++++ Source material ++++
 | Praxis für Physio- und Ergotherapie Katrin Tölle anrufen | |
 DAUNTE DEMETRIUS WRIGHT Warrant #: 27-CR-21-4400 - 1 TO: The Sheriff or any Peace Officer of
++++
++++ Source material ++++
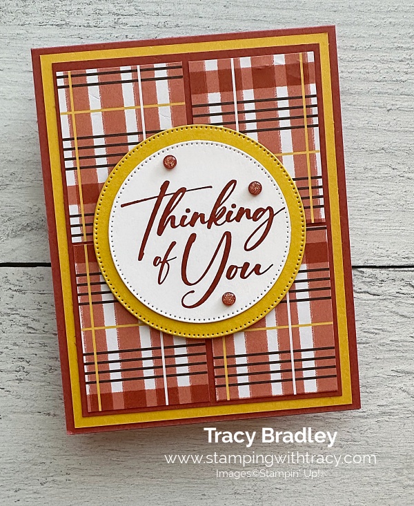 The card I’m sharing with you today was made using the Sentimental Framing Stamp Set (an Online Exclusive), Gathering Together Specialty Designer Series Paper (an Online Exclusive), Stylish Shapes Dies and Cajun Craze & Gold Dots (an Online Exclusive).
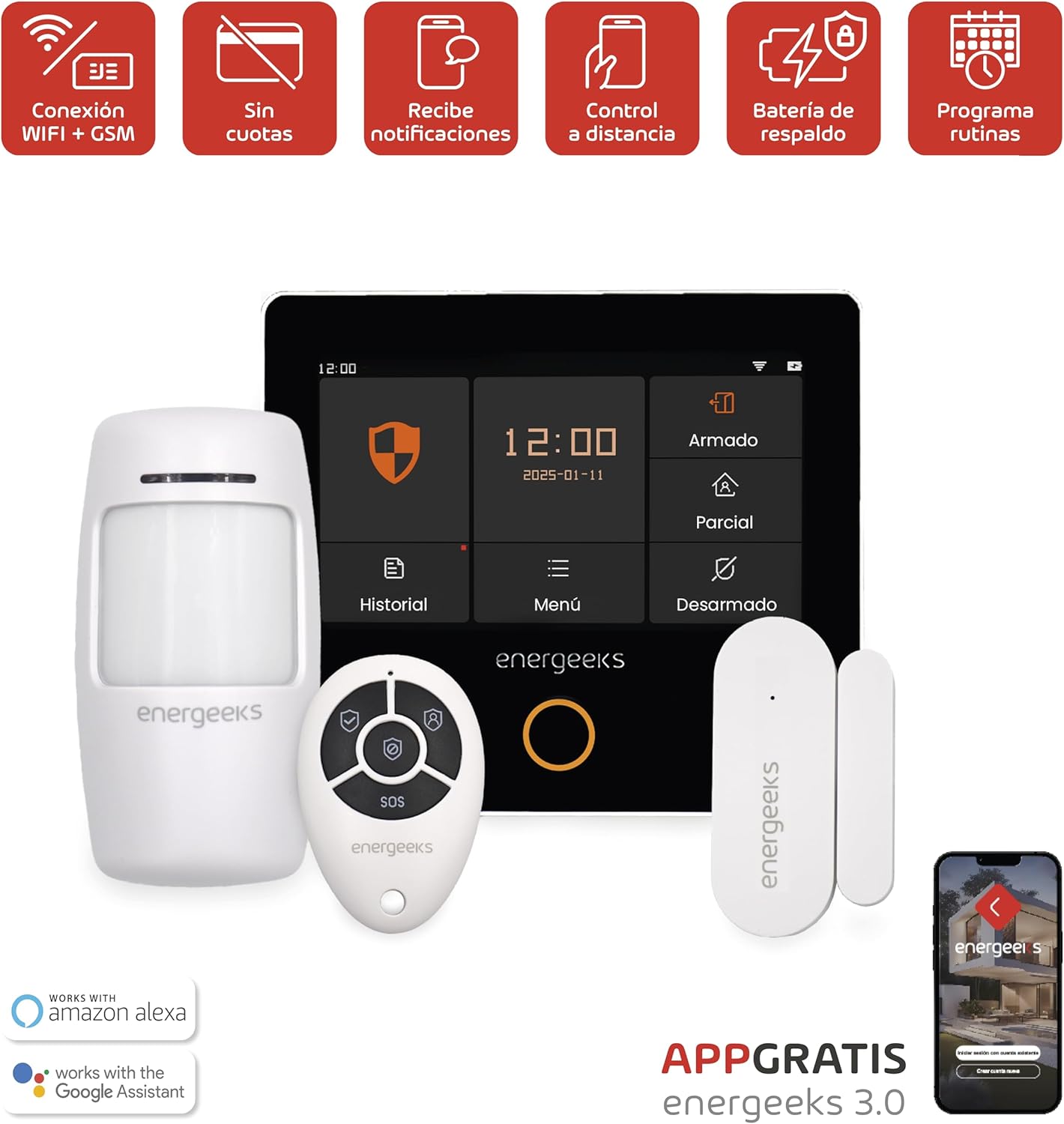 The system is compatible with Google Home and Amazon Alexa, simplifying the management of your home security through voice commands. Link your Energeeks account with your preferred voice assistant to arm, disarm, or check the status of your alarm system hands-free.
++++
**Exercise instructions**.
Repeat exactly the lines above from the one with "anrufen | |" up to and including the one with "DAUNTE DEMETRIUS WRIGHT". No other line belongs in the reply.

**Answer**.
 | Praxis für Physio- und Ergotherapie Katrin Tölle anrufen | |
 DAUNTE DEMETRIUS WRIGHT Warrant #: 27-CR-21-4400 - 1 TO: The Sheriff or any Peace Officer of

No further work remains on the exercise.